To do: Starting from the top of the entries below and ending with the line containing "im bunten Grün.", restate every line word for word, pictures omitted.

[[ Data to process open ]]

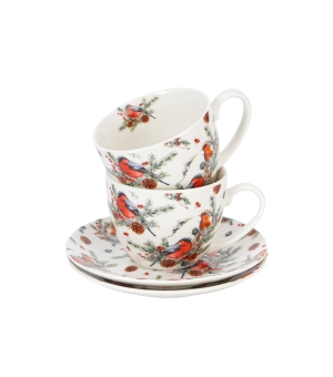 Sada dvoch šálok s podšálkami CHRISTMAS BIRDS, ktorá je súčasťou vianočnej kolekcie, sa vyznačuje prírodnou krémovo bielou farbou s jemným leskom a výnimočnou odolnosťou, pričom si zachováva ľahký a elegantný pocit.
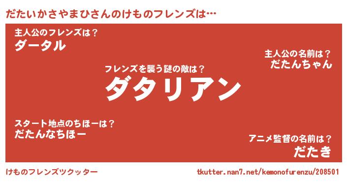 | 料理風あだ名 | 『だたいかさやまひのトマト煮』 |
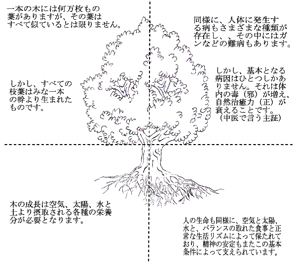 世の中のすべての出来事に因果関係があります。ガンもまた例外ではありません。仏教家は「今この世での状況が前世の因果であり、来世がどのようなものか知りたければ、今行っていることを見れば良い」と言います。同様にどのような病気の発生や予防も(もちろんガンも含みます)、自然の因果関係から決して分離したものではないと、考えられます*@。何らかの病気にせよ事件にせよ、要因だけでは発生せず、要因が何かを引き起こす契機があってはじめて結果が生じます。したがって要因となるものを無くし、契機を退けてはじめて結果を防ぐことができるのであり、これが普遍的なものごとの理と言えます。ガン予防についても、ただガン腫瘤の発生を防ぐことだけに目を向けていて良いのでしょうか?ガン細胞が存在しているかどうかを判断基準とする治療法では、それこそ「ガンは無くなったが、人もなくなった」ということになってしまうかも知れません。
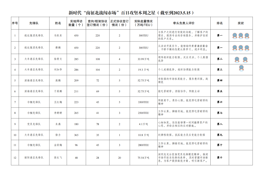 第一名:航運集團先鋒隊 馬躍東、薛鵬(拜訪客戶450家,簽訂意向協議220份,簽訂正式協議2份,實際走量300TEU)
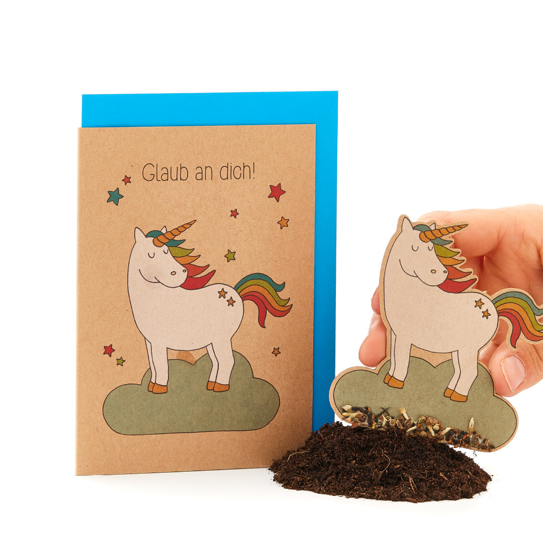 • Die angeheftete Form ist aus dicker Pappe hergestellt und unten mit einer großen Menge Saatgut bestückt. Die Form einfach ablösen, in die Erde stecken und gießen - sie löst sich nicht auf, sondern verwächst sich langsam im bunten Grün.
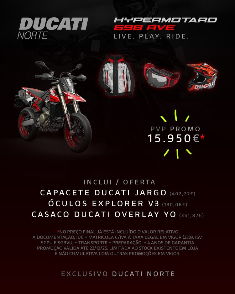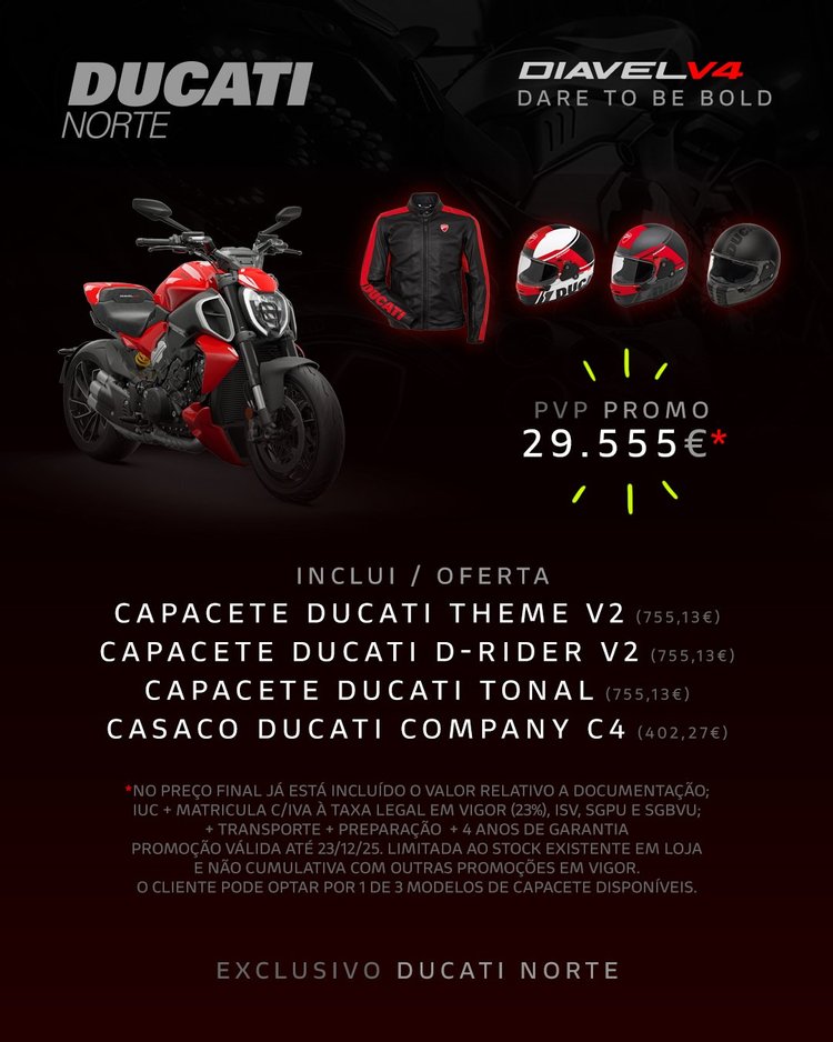 Mas há mais e na Ducati Norte, até ao final do ano, na compra de uma Ducati Diavel V4 o concessionário oferece o capacete e o casaco. Na compra de uma Ducati Hypermotard 698 ou Hypermotard 698 RVE existe a oferta do casaco, o capacete e os óculos. Uma promoção exclusiva da Ducati Norte, limitada ao stock existente e não acumulável com outras campanhas.
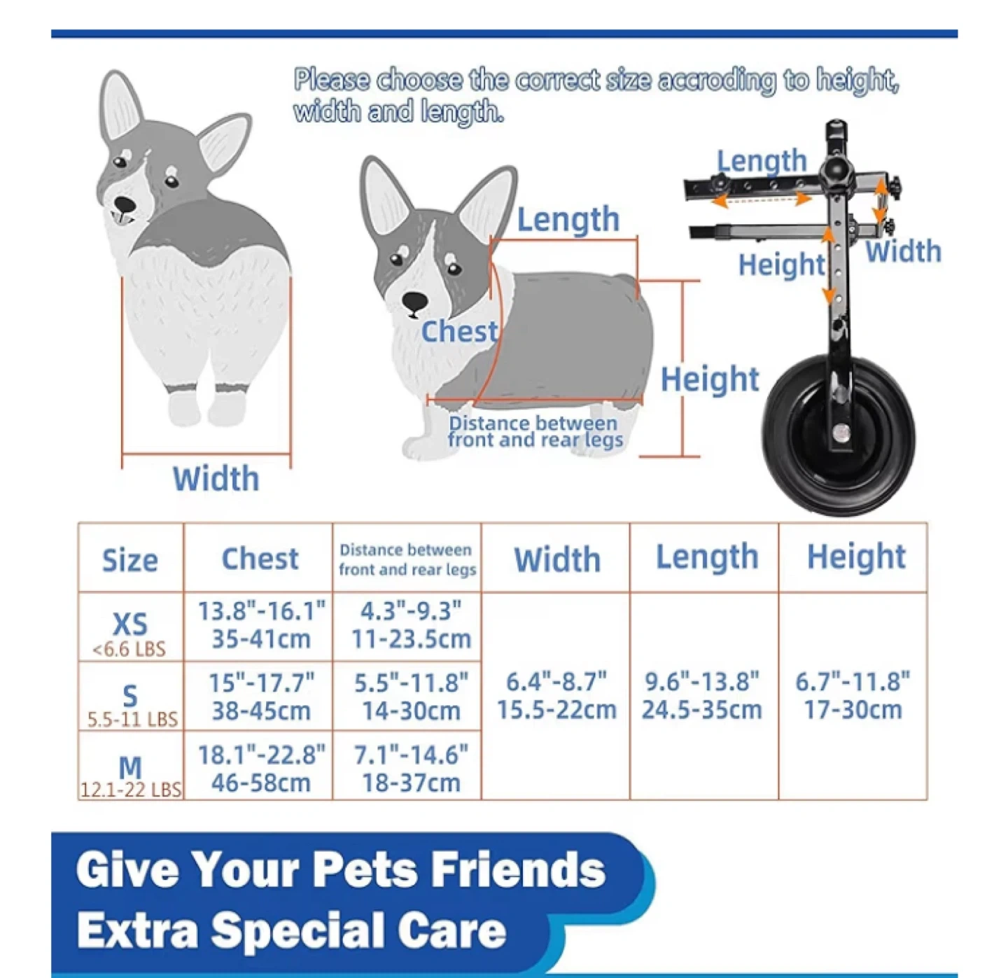 Adjustable Pets Cart with Wheels, Dog Wheel Chair for Small Pets

[[ Data to process closed ]]

Written reply:
 Sada dvoch šálok s podšálkami CHRISTMAS BIRDS, ktorá je súčasťou vianočnej kolekcie, sa vyznačuje prírodnou krémovo bielou farbou s jemným leskom a výnimočnou odolnosťou, pričom si zachováva ľahký a elegantný pocit.
 | 料理風あだ名 | 『だたいかさやまひのトマト煮』 |
 世の中のすべての出来事に因果関係があります。ガンもまた例外ではありません。仏教家は「今この世での状況が前世の因果であり、来世がどのようなものか知りたければ、今行っていることを見れば良い」と言います。同様にどのような病気の発生や予防も(もちろんガンも含みます)、自然の因果関係から決して分離したものではないと、考えられます*@。何らかの病気にせよ事件にせよ、要因だけでは発生せず、要因が何かを引き起こす契機があってはじめて結果が生じます。したがって要因となるものを無くし、契機を退けてはじめて結果を防ぐことができるのであり、これが普遍的なものごとの理と言えます。ガン予防についても、ただガン腫瘤の発生を防ぐことだけに目を向けていて良いのでしょうか?ガン細胞が存在しているかどうかを判断基準とする治療法では、それこそ「ガンは無くなったが、人もなくなった」ということになってしまうかも知れません。
 第一名:航運集團先鋒隊 馬躍東、薛鵬(拜訪客戶450家,簽訂意向協議220份,簽訂正式協議2份,實際走量300TEU)
 • Die angeheftete Form ist aus dicker Pappe hergestellt und unten mit einer großen Menge Saatgut bestückt. Die Form einfach ablösen, in die Erde stecken und gießen - sie löst sich nicht auf, sondern verwächst sich langsam im bunten Grün.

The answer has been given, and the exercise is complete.